DESCRIPTION OF THE TASK => Please give the whole listing again word for word, and drop any pictures it holds.

SOURCE MATERIAL =>
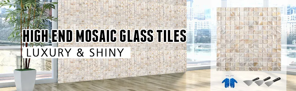 El azulejo está compuesto de concha natural y alto brillo. Es ecológico y resistente al calor y la humedad. Limpie la superficie, antimoho para el protector contra salpicaduras.
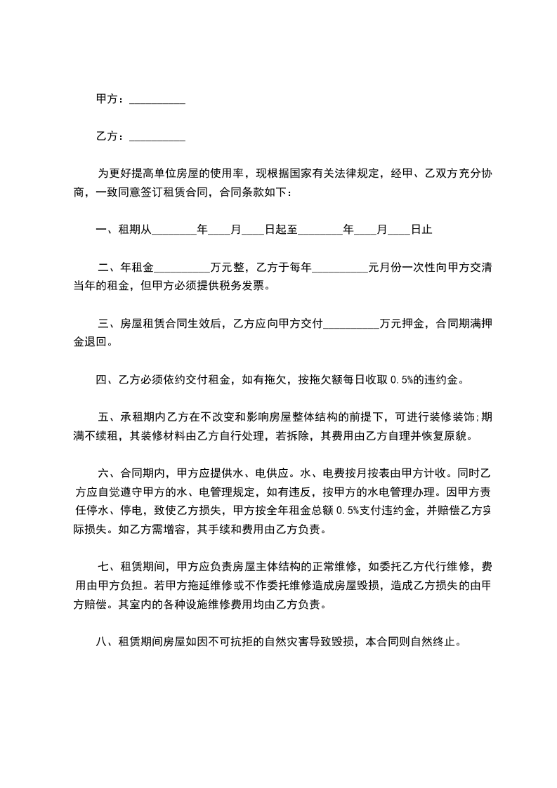 为更好提高单位房屋的使用率,现根据国家有关法律规定,经甲、乙双方充分协商,一致同意签订租赁合同,合同条款如下:
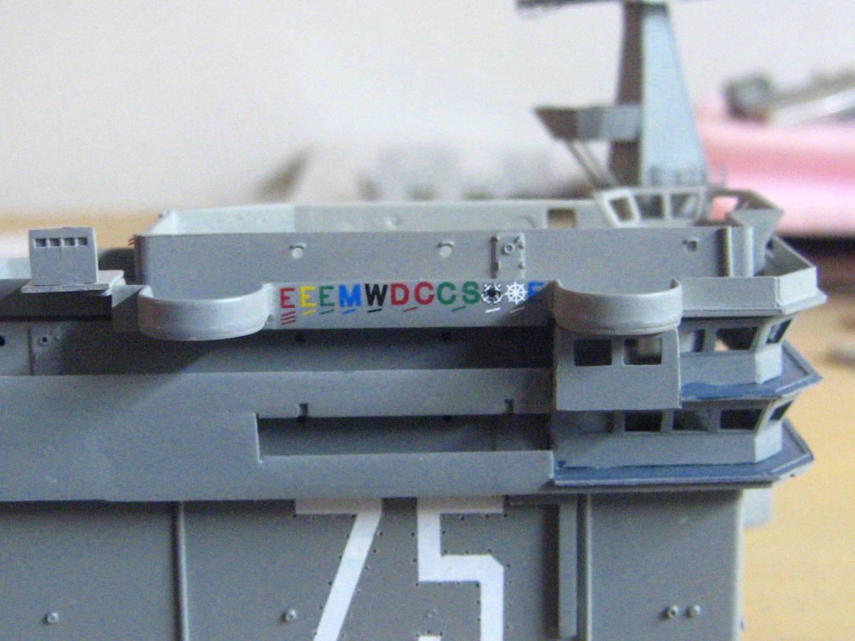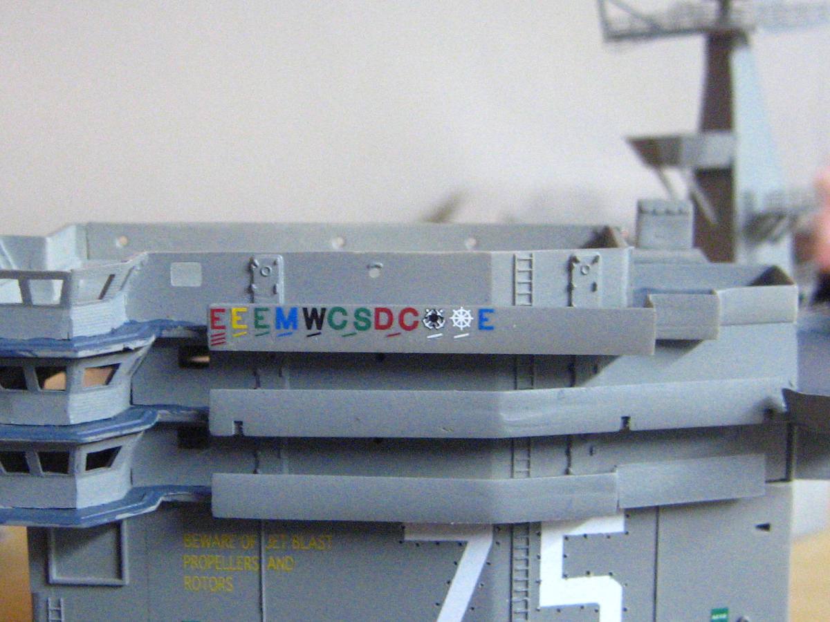 I finally got ahold of the cruise book from this specific deployment, so I was able to place teh correct awards on the island. Using the photos in the book for a scale comparison, it seems that my 2 options for the awards were both a little off as to their size. It looks like the smallest awards are about 20-25% too small, and the next size up looked to be 20-25% too large. I decided on the larger awards after trying the smaller ones, and they looked way too tiny and had me squinting to distinguish one from another. I think these larger ones look much closer to accurate.

THE COMPLETED TASK =>
 El azulejo está compuesto de concha natural y alto brillo. Es ecológico y resistente al calor y la humedad. Limpie la superficie, antimoho para el protector contra salpicaduras.
 为更好提高单位房屋的使用率,现根据国家有关法律规定,经甲、乙双方充分协商,一致同意签订租赁合同,合同条款如下:
 I finally got ahold of the cruise book from this specific deployment, so I was able to place teh correct awards on the island. Using the photos in the book for a scale comparison, it seems that my 2 options for the awards were both a little off as to their size. It looks like the smallest awards are about 20-25% too small, and the next size up looked to be 20-25% too large. I decided on the larger awards after trying the smaller ones, and they looked way too tiny and had me squinting to distinguish one from another. I think these larger ones look much closer to accurate.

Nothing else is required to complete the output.